Queen Supersedure: When Colonies Replace Their Queen
The queen is not in charge. This is the first thing to understand about supersedure, and it contradicts the metaphor that the word "queen" creates. She doesn't command. She doesn't decide. She doesn't manage. She lays eggs and produces pheromones. That's her job. The colony's 50,000 workers do everything else - foraging, nursing, building, defending, thermoregulating, navigating, communicating. And when the queen's performance drops below the colony's threshold of tolerance, the workers replace her.
They don't ask permission. They don't file a complaint. They build queen cells.
The Three Types of Queen Cells
Not all queen cells mean the same thing, and the location on the comb tells the story.
Swarm cells appear along the bottom edge of the comb - hanging from the frame's lower bar like peanut-shaped appendages, often 5 to 20 of them. These are the colony's preparation for reproductive swarming. The colony is dividing. Half will leave with the old queen. Half will stay with a new queen raised in these cells. Swarm cells appear in spring and early summer, when the colony is at peak population and the nectar flow is strong. They signal colony health and vigor - the colony is strong enough to reproduce.

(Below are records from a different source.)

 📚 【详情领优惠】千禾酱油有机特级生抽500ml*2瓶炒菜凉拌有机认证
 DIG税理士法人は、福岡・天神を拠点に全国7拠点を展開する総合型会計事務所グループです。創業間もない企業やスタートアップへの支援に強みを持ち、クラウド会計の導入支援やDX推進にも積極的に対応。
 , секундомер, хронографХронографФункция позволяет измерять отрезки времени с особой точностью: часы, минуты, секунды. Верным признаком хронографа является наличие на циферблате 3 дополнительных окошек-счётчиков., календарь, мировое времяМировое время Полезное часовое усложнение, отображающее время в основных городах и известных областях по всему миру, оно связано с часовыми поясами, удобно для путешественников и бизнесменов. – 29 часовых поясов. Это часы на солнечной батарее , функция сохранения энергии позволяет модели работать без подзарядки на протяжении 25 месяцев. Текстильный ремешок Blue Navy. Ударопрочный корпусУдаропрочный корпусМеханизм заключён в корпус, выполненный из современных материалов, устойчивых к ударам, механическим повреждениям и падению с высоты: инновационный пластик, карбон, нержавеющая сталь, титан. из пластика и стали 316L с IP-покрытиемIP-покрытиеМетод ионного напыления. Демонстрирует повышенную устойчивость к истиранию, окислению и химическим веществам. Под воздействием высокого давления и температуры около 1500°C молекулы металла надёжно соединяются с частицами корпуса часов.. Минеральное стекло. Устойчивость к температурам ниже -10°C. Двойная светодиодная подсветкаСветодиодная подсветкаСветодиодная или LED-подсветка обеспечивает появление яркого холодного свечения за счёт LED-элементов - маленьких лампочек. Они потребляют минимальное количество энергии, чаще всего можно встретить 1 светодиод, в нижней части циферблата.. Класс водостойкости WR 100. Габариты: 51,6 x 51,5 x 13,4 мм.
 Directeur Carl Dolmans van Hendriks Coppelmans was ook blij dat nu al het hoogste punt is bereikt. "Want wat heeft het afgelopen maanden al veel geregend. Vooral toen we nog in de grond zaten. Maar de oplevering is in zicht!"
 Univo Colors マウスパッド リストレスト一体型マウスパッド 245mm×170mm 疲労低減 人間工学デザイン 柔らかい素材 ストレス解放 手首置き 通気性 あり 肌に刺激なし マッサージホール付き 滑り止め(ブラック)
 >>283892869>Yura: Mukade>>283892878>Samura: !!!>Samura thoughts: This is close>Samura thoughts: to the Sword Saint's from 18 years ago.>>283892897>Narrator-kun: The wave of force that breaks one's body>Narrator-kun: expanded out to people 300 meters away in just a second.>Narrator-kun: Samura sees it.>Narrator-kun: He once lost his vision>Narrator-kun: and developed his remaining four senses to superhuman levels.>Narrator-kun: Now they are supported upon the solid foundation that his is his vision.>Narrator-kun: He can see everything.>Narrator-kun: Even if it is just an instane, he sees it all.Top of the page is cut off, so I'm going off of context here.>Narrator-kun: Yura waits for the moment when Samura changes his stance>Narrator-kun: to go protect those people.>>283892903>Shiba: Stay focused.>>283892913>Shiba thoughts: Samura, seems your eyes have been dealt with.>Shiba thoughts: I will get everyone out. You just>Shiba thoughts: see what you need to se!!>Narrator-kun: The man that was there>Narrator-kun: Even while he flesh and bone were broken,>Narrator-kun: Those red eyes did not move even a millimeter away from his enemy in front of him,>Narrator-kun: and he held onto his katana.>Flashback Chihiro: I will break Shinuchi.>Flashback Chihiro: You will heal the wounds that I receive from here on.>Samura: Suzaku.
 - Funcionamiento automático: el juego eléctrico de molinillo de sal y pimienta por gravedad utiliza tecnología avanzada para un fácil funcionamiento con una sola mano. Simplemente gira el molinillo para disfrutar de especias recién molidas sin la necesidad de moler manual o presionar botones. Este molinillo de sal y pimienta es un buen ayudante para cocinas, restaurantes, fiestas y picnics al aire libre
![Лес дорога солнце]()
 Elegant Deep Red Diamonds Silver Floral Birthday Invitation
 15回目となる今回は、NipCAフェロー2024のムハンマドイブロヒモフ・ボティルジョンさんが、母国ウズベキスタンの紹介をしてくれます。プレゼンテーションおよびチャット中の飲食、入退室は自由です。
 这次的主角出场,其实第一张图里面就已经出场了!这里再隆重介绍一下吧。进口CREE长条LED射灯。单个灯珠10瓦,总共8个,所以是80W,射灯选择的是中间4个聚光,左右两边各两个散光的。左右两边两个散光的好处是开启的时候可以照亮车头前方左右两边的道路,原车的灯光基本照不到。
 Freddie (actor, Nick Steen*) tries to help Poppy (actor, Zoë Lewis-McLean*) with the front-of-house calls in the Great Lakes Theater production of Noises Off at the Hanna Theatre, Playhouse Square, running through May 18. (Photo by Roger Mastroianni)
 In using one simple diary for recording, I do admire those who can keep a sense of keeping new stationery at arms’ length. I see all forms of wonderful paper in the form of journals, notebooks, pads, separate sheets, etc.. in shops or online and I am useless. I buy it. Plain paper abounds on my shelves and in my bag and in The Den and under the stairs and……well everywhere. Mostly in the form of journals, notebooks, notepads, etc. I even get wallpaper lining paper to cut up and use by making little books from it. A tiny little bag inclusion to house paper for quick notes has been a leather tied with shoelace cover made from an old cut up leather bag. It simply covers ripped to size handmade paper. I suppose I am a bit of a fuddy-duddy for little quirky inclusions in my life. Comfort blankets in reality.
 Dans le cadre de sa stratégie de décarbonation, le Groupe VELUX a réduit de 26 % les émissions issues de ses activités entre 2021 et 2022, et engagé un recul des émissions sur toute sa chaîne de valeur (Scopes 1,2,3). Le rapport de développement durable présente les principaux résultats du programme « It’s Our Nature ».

Emergency queen cells appear anywhere on the comb face, often in clusters. They're built when the queen dies suddenly or is accidentally killed (crushed during a hive inspection, for instance). The workers can't plan for this - there's no gradual pheromone decline to trigger a controlled replacement. The queen is simply gone. The colony responds by converting existing worker larvae into queens, building queen cells around larvae that are already in worker-sized cells. Emergency cells look rougher, more hastily constructed, and they appear on the flat face of the comb rather than at the edges.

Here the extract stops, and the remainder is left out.